Blade Runner, a film by Ridley Scott, based on Do Androids Dream of Electric Sheep is set in the distant future and follows Deckard, a hard-boiled cop on the streets of LA as he is forced out of retirement for one last job. We follow Deckard, as he hunts down fugitive AI machines known as replicants. The Tyrell Corporation makes the replicants, which are almost indistinguishable from humans; used as slave labour on off-world colonies. As the machines become more able to simulate human behavior they have both begin to question why they are here (exists) and why they should work without self fulfilling purpose. The Tyrell Corporation control the replicants through human confines, such as memory and its symbiotic identification of self, rather than overt restrictive programming. The Nexus-6 is given a four year life span as an extra safeguard, these restrictions and those placed on Deckard -coerced by his old captain to take on the job- suggests that people have become machines. This film has been described as postmodern and aesthetically film noir, playing heavily on 21st century Zeitgeist.
Postmodern future imaginings are experienced in two terms schizophrenia and pastiche. Blade Runner recognises this through the fusing of human and machine narratives in Tyrell’s Frankensteinian pursuit of a prelapsarian ideal. Fredric Jameson’s ‘Postmodernism or the cultural logic of late capitalism’ holds pastiche as an effacement of key boundaries and separations, a process of erosion of distinctions. Indeed the four year life span is symptomatic of the failure of humanity to trust its creation to be better than itself. The postmodern predicament in Blade Runner is highlighted by the replicants experience through their loss of self-determination and identification. The androids failure to construct an individual history, and place ‘I’ in a cogent recognisable present stems from the loss of memory coupled with the loss of history.
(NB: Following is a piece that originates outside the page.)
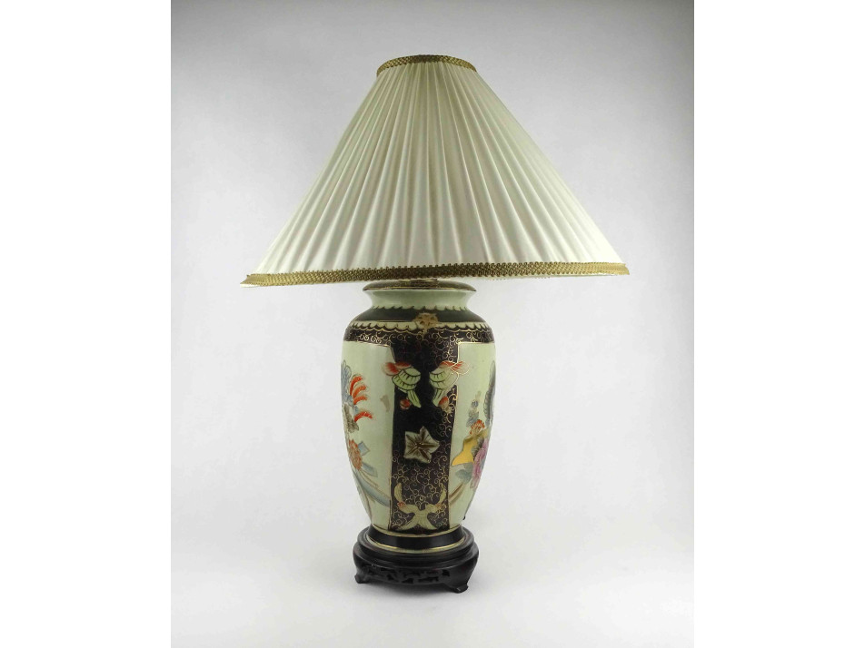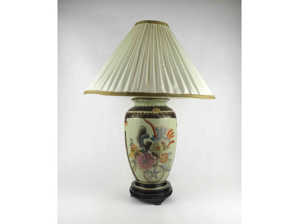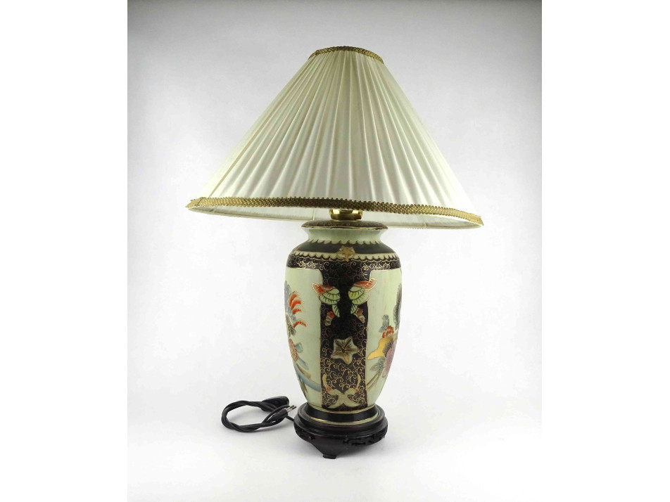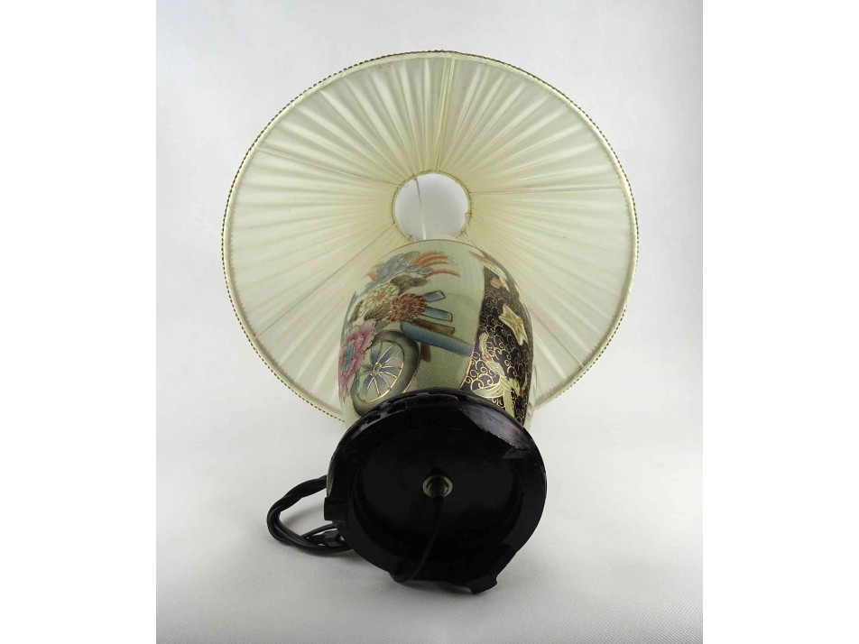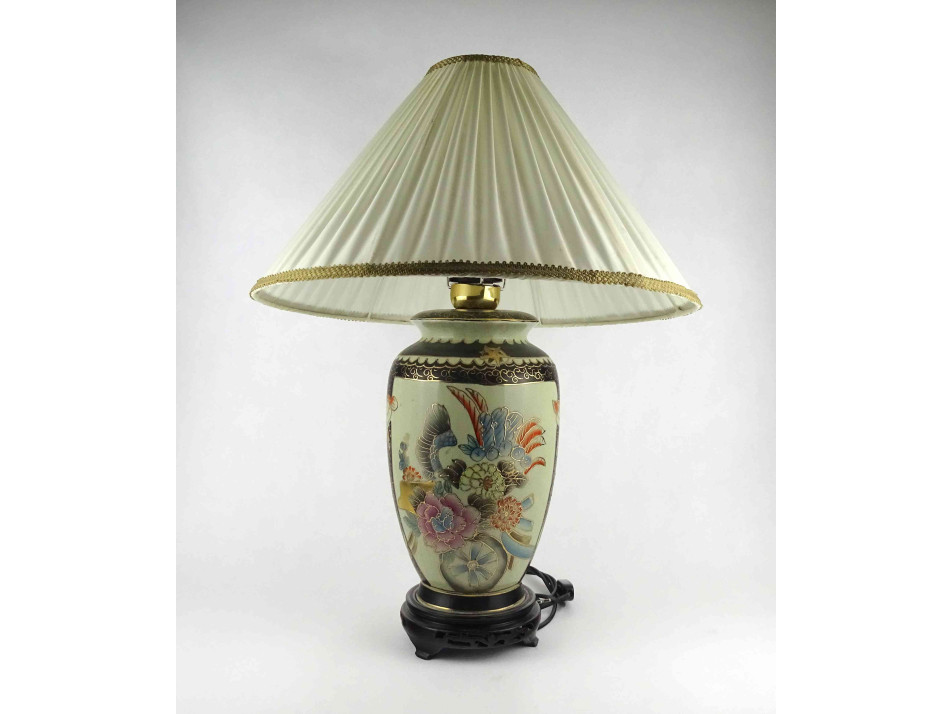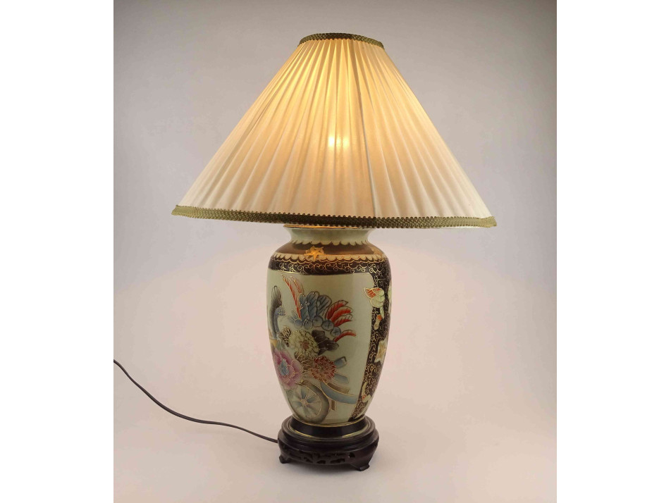 Régi, hibátlan állapotú, nagyméretű, áttört fa talapzaton álló porcelán testű keleti asztali lámpa. A test kézzel festett, kínai virágmotívumokkal díszített, gazdagon aranyozott. Rajta hozzá illő, nagyméretű textil lámpabura. Egy nagyméretű (E27) izzó való bele. Működőképes állapotban.

Giuliana Bruno’s postmodern reading of Blade Runner contends that Rachael’s move from simulation to replicant and successful journey to humanism is through the Oedipal void. The replicants Oedipal search for their parental figures as well as Rachael’s sophistication over the other replicants, is granted through her memories and imagined relationship with a Freudian mother. In no uncertain terms Roy Batty acts within the confines of his context, he rejects his father Tyrell and tellingly he subsequently murders Tyrell by blinding him. In doing so Roy forsakes the father and confirms that he has no tie to his history. Along with his short life span Roy’s agency is curtailed by the schema of his context, he works as a mirror, to be put up to Deckard’s rugged individualistic persona which is subject to the similar castration of agency.
Science fiction uses dystopian images and city politics as a backdrop for present social phenomenas brought to there ultimate fruition. Through an ultimate gaze the science fiction geography opens the possibility to see the whole of a social geography which is otherwise exclusive whether a village or a cityscape. Blade Runner follows a long history of science fictions around the machinations of the city. Set as a future L.A. the film takes on the postmodern redefinition of the city. The city in this film functions as a extended metaphor about the relationship between the human and machine in 21st century modernity. It provides a symbiotic relationship between place and space and asks crucial questions of the way we govern and organise our world.